3. Combining engineering practice with other courses.
In the teaching process, we should extract typical engineering application examples from different industries and explain them as examples after streamlining. In teaching, it is necessary to cultivate students' systematic view and make them understand that this course is not an independent course, but is integrated with courses such as automatic control principle and intelligent control theory to achieve the effect of comprehensive learning.
4. Experimental link reform
Experimental teaching is mainly to improve students' practical ability, ability to analyze and solve problems, and deepen students' perceptual knowledge of theories and concepts. In the past, the experimental contents of this course were mostly principled and confirmatory experiments, and students were easily bored and had no enthusiasm for learning. Few students think independently and find problems, and the experimental results are extremely unsatisfactory. In order to change this mode of education, the author changed the experimental content from the traditional verification experiment to the design and development experiment. In experimental teaching, according to objective conditions, on the basis of appropriately reducing confirmatory experiments, pioneering experimental items and designed comprehensive experiments are added.
5. Reform teaching evaluation methods to improve classroom teaching efficiency.
Efficient feedback mechanism of academic performance is a necessary means to promote teaching and learning. At present, this course feeds back the learning effect through course assignments. Each chapter can arrange a design topic, so that students can consult the materials more widely, analyze the content used in the topic in depth on the basis of a certain breadth of knowledge, and then analyze and solve the problem from a deeper level, so as to achieve the effect of combining depth and breadth.
Aiming at the scheme of the traditional research university of sensor and automatic detection technology, this paper puts forward three questions, and based on four years' teaching accumulation, discusses and analyzes the teaching content, teaching mode, experimental link, teaching evaluation and feedback, and puts forward a set of reform methods and measures.
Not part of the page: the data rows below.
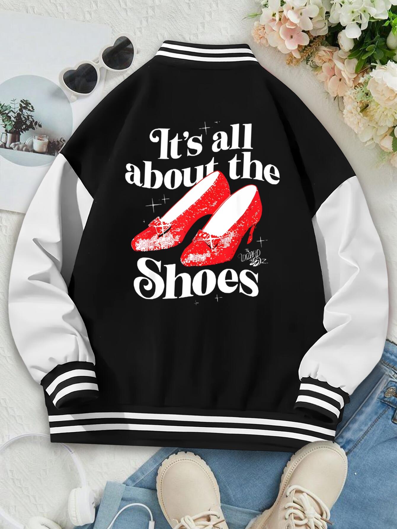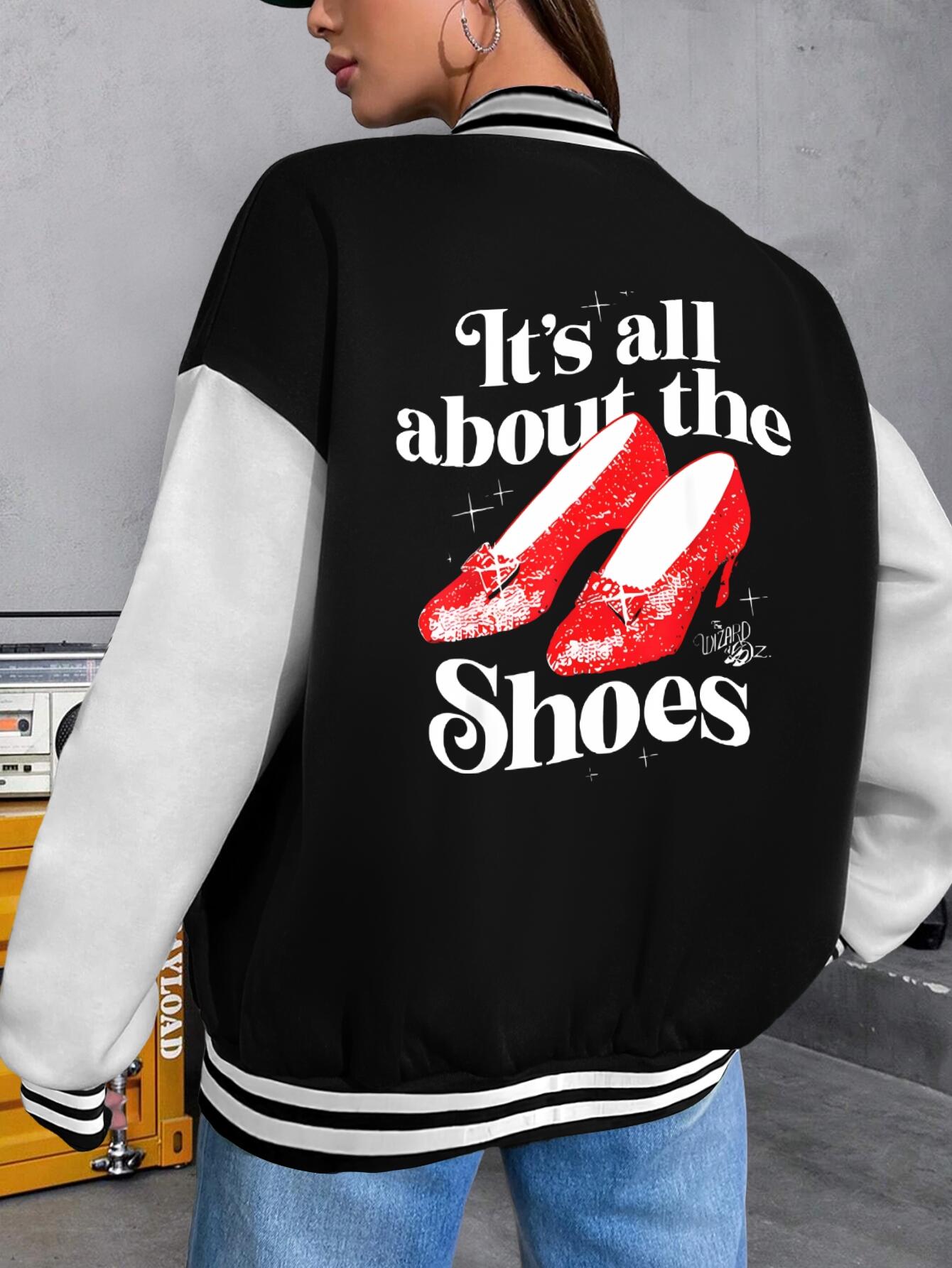Women's Wizard of Oz Ruby Slippers & Dorothy's Back Print Jacket - Plus Size Friendly Black & White Two-Tone Sleeves, Red Glitter Iconic Slippers Design, Casual Winter Outerwear for Halloween Costumes, Parties & Casual Attire -
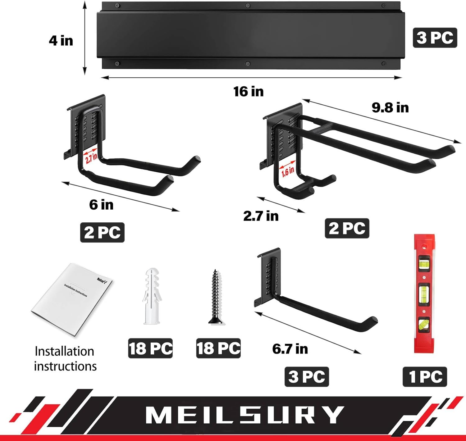 - Product Contains:Adjustable Garage Wall Mount Tool Rack with 7 hooks (2 tool hooks, 2 double hooks, and 3 single hooks) and 3 rails. It measures 48 inches in overall length and comes with a torpedo level for easy installation.
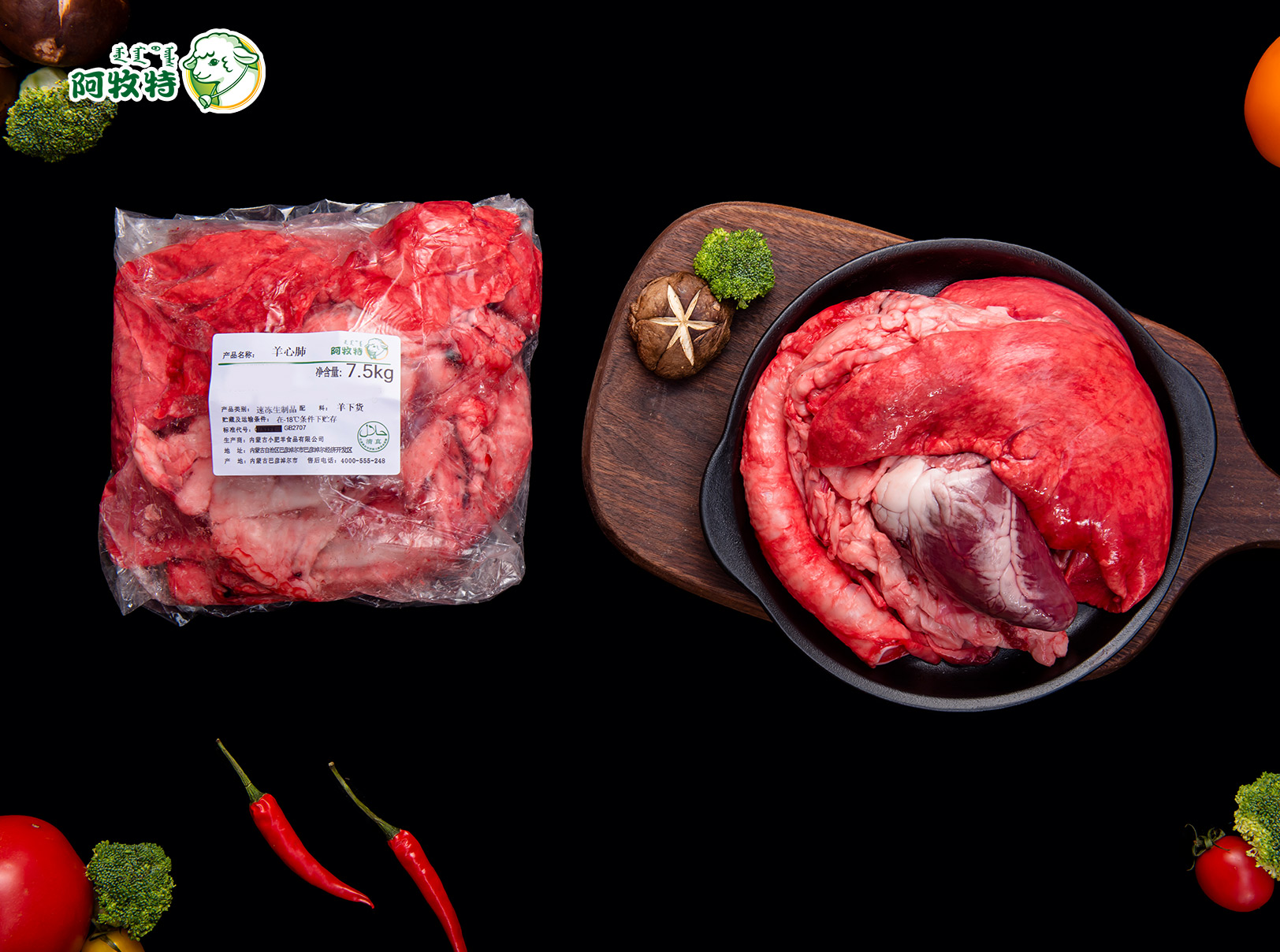 配料:羊心肺连体,修选去除天蓬肉,直接装箱。羊心肺色泽鲜艳,纹理清晰,富含蛋白质、维生素等,营养丰富。

This scheme focuses on practical engineering application examples, pays attention to the explanation of sensor application in teaching content, arouses students' learning enthusiasm and initiative by proposing, analyzing and solving problems, cultivates students' engineering thinking and ability, attaches importance to experimental links, replaces confirmatory experiments with designed and comprehensive experiments, trains students to concretize abstract knowledge, and cultivates students' practical application ability, hands-on ability and innovation ability.
References:
Wu Jianping, Gan Yuan. Sensor? Research on experimental teaching of curriculum [J]. Journal of Chengdu University of Technology.
[2] Cao Liangyu, Zhao Tangchun. Sensor technology and its application. Curriculum reform [J]. Modern educational equipment in China.
[3], Hu, Sensors and applications. Discussion on teaching reform of technology and market Ⅱ course.